Parece-me, não sei, tenho pensado sobre isso, parece-me que sou daquelas pessoas infelizes por falta de problemas. Sabe, como os nórdicos, que entram em depressão porque não têm do que reclamar? Pronto, mais ou menos assim. Não para me gabar, pois saiba que não sou disso, mas para contextualizá-lo mesmo, já que suponho que irá querer – ou melhor, terá que saber da minha vida, como se o senhor já não estivesse farto de ouvir tanto blá blá blá de pessoas com seus problemas ridículos e suas neuroses e tudo o mais e como se já não estivesse a ponto de dizer ao final da sessão, Get a life!, como se... enfim, o senhor terá que saber da minha vida. Mais uma vida de blá-blá-blás e problemas ridículos. Pois como eu ia dizendo, para contextualizá-lo, eu sou uma pessoa ótima.
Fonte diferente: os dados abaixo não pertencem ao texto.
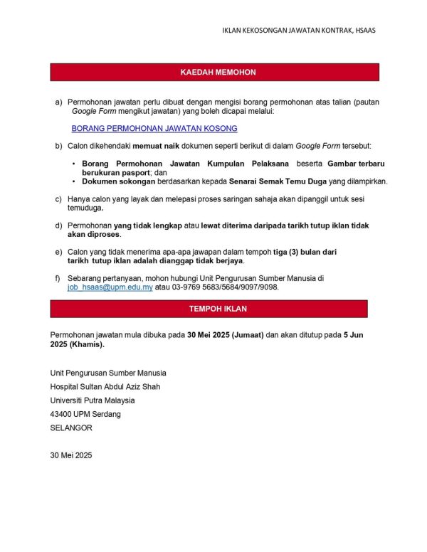Iklan Kini Jawatan Kosong Hospital Sultan Abdul Aziz Shah (HSAAS) Klik Jawatan Disini Like serta Ikut Facebook Kami, follow Chanel WhatsApp Jawatan Kosong & Telegram Portal SPA9 untuk capaian pantas kekosongan jawatan daripada kami sekarang.

Auto-estima vai bem obrigada, sou inteligente, culta, bem-sucedida, viajada, não sou a garota de Ipanema, mas você também não é um Tom Jobim, enfim... Eu deveria ser feliz. Minha família é ótima, minha casa é ótima, meu trabalho é ótimo, meu corpo é ótimo, tem gente dormindo na calçada ali na esquina, tem gente sob bombas, tem gente que perdeu o movimento das pernas, tem gente que não ouve, tem gente que fuma, e eu venho aqui, pagar caro pra falar de que? De coisas ridículas.

Eu pareço feliz. Até para mim mesma eu pareço feliz. Não é que eu finja, viu? É que eu pareço mesmo. Mas quando eu me deparo comigo mesma... Olha, eu queria vir aqui dizer que o que mais me aflige são os problemas do mundo, o meio-ambiente, o terrorismo, sei lá. Causas nobres. E o senhor me pergunta, e o que mais te aflige, filha (terapeuta fala assim?)? Causas ridículas. Tenho vergonha de falar. Não combina comigo. Hã? Ah, sim, sigilo profissional, o senhor não vai contar a ninguém, mesmo porque há coisas mais interessantes a serem discutidas com sua esposa em casa do que ah, querida, hoje foi mais uma mocinha aflita lá no meu consultório falando de... coisas ridículas.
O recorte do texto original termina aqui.